日本で一番深い地下鉄駅は、大江戸線の六本木駅で地下42メートル。以前使ったときに、なかなか地上に出られなかった記憶がある。


立ち合いの道から脱出して開けてくると、近江の落ち着いた空気に変わります。

神功皇后に仕えた将軍が、忍熊王(ぬしくまおう)と会ったのがこのあたりだったので、逢坂の語源になったそうです。


こちらが、三つ目の蝉丸神社である下社です。ここが一番大きい。


境内にある関清水神社。
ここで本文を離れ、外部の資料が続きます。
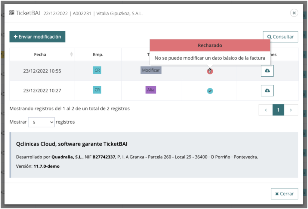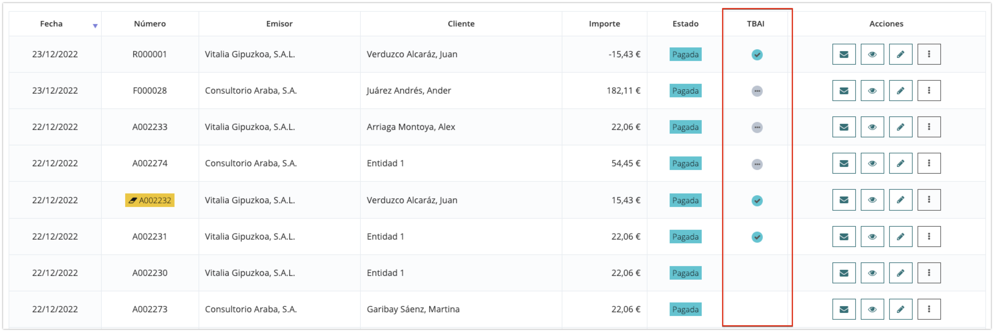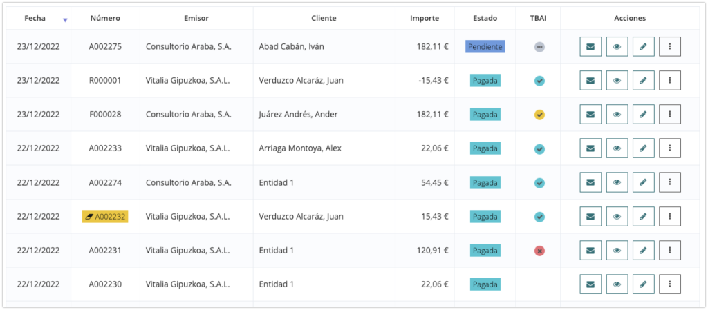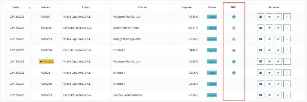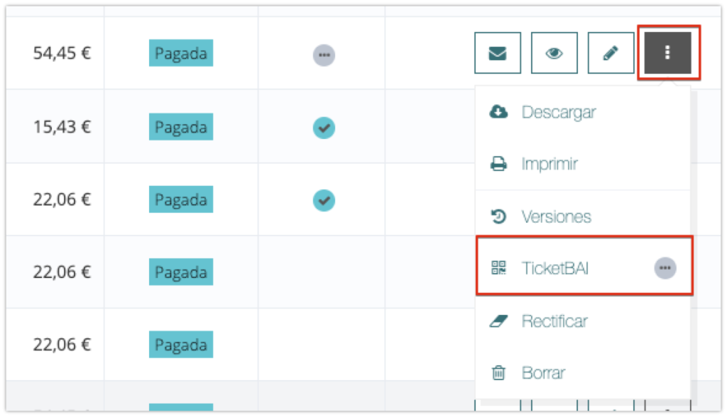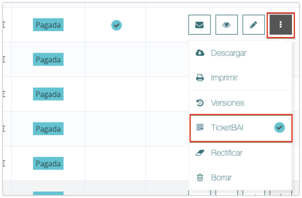 - Icono verde: factura notificada a TicketBAI.

湧き水があったように見えます。


蝉丸というと百人一首の坊主めくりで有名で、お笑いキャラのカードですが、実はこんな悲しいストーリーがあったのですね。


蝉丸は、神社の説明には延喜帝、つまり醍醐天皇の第四皇子と書かれてありますが、出生は諸説ありはっきりしないようです。逢坂山に庵を結んだそうで、東西にひっきりなしに通行する商人や旅人達を眺めては、世の無常を愛用の琵琶「無名」で弾き語っていたのでしょう。

別れては、知るも知らぬも」という部分は、「世の中の人たちは一緒に集まっているように見えるけれど、一人一人は結局孤独なんだ」と言っているように思えます。




京町一丁目交差点。以前中山道歩きをしたときは、この右の道をすすんで、小関越えルートをたどりました。


抜け目のない奥さんが和菓子の名店でお土産を買います。



大津宿を過ぎて草津宿へ向かう道。きれいな石畳をあしらっていて美しい。
屋根の形を見ると、道幅を広げた際に、家々の前面が削られたことがわかります。


雪化粧をした武奈ヶ岳をみて、びわ湖浜大津駅から帰路につきました。